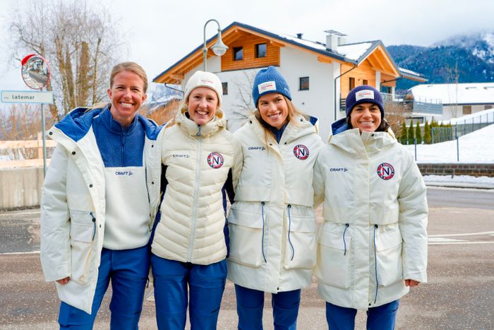 Astrid Øyre Slind (f.v.), Karoline Simpson-Larsen, Kristin Austgulen Fosnæs og Heidi Weng er de fire løperne som går for Norge. Foto: Terje Pedersen / NTB.
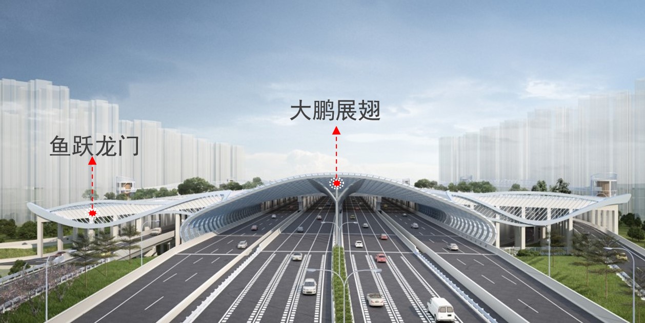 基于該項目的特點,項目組在設(shè)計過程中,除了滿足行車功能之外,也對司乘和外界人員的感官體驗進行了充分考慮:主線兩端設(shè)有“大鵬展翅”造型,彰顯廣深高速公路的灣區(qū)地位;匝道入口采用“魚躍龍門”裝飾,完美配合主線過渡,避免了單調(diào)的門洞效應(yīng);考慮到收費廣場路段車速較慢,且為封閉空間,采用“時空隧道,繁星點點”景觀照明等。
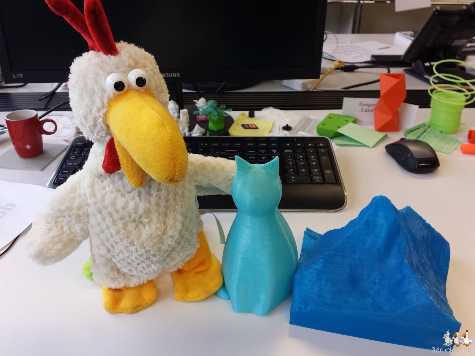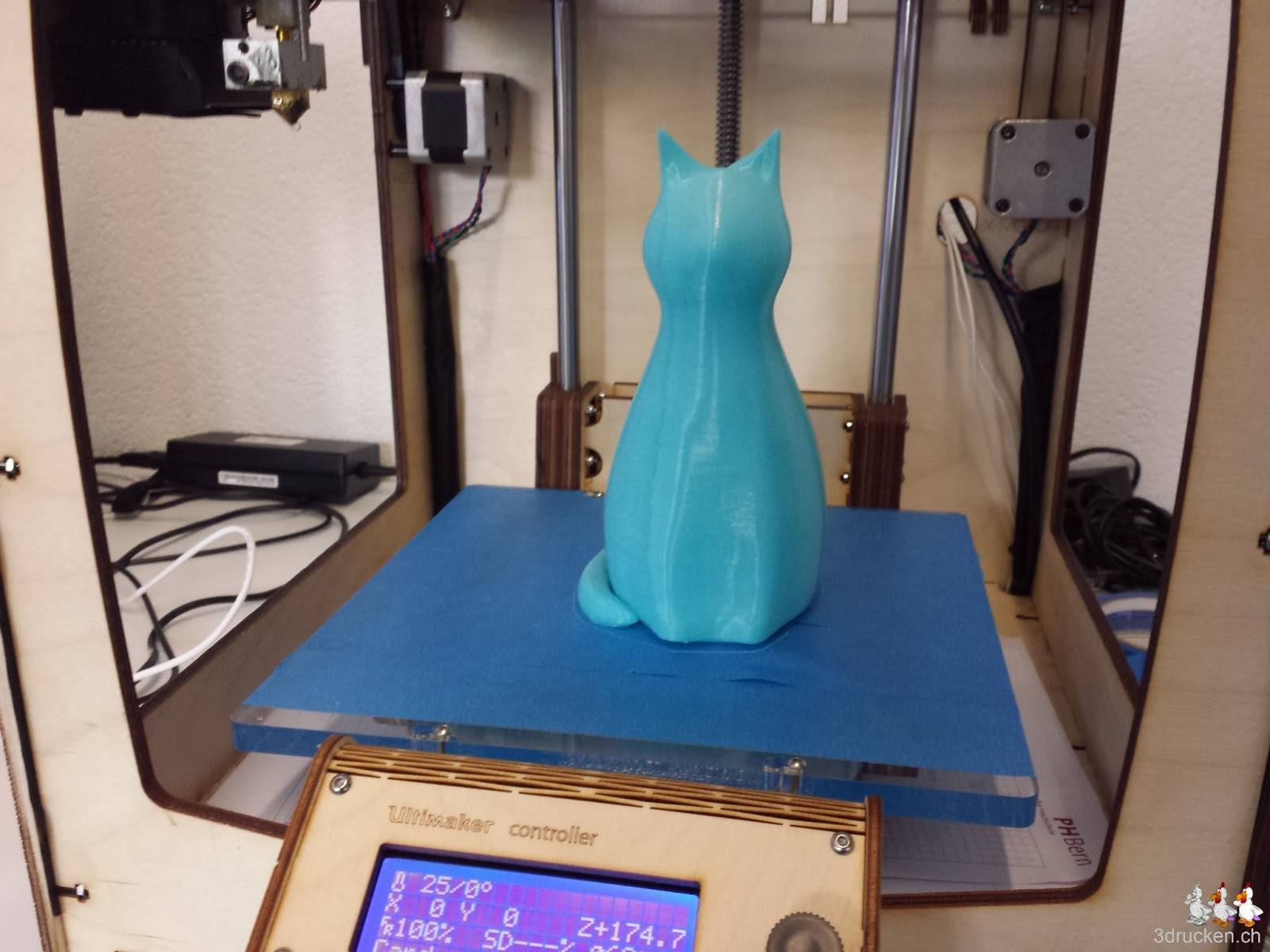 Noch mehr Katzen, der Güggel scheint sie zu mögen. Gruppenbild mit Güggel und Matterhorn. Druckzeit nicht mehr ablesbar, da Fabian Zurbuchen heute wieder mal zu schnell gearbeitet, und die SD-Karte deshalb bereits entfernt hat. Mit 5 % Füllung erreichten wir zudem auch, dass die grosse Lucy oben am Kopf keine Löcher hat, wie die kleine Lucyi, die wir zuvor gedruckt hatten.

********************

Task prompt: Reproduce the material above verbatim; omit every picture.

Solved exercise:
 Astrid Øyre Slind (f.v.), Karoline Simpson-Larsen, Kristin Austgulen Fosnæs og Heidi Weng er de fire løperne som går for Norge. Foto: Terje Pedersen / NTB.
 基于該項目的特點,項目組在設(shè)計過程中,除了滿足行車功能之外,也對司乘和外界人員的感官體驗進行了充分考慮:主線兩端設(shè)有“大鵬展翅”造型,彰顯廣深高速公路的灣區(qū)地位;匝道入口采用“魚躍龍門”裝飾,完美配合主線過渡,避免了單調(diào)的門洞效應(yīng);考慮到收費廣場路段車速較慢,且為封閉空間,采用“時空隧道,繁星點點”景觀照明等。
 Noch mehr Katzen, der Güggel scheint sie zu mögen. Gruppenbild mit Güggel und Matterhorn. Druckzeit nicht mehr ablesbar, da Fabian Zurbuchen heute wieder mal zu schnell gearbeitet, und die SD-Karte deshalb bereits entfernt hat. Mit 5 % Füllung erreichten wir zudem auch, dass die grosse Lucy oben am Kopf keine Löcher hat, wie die kleine Lucyi, die wir zuvor gedruckt hatten.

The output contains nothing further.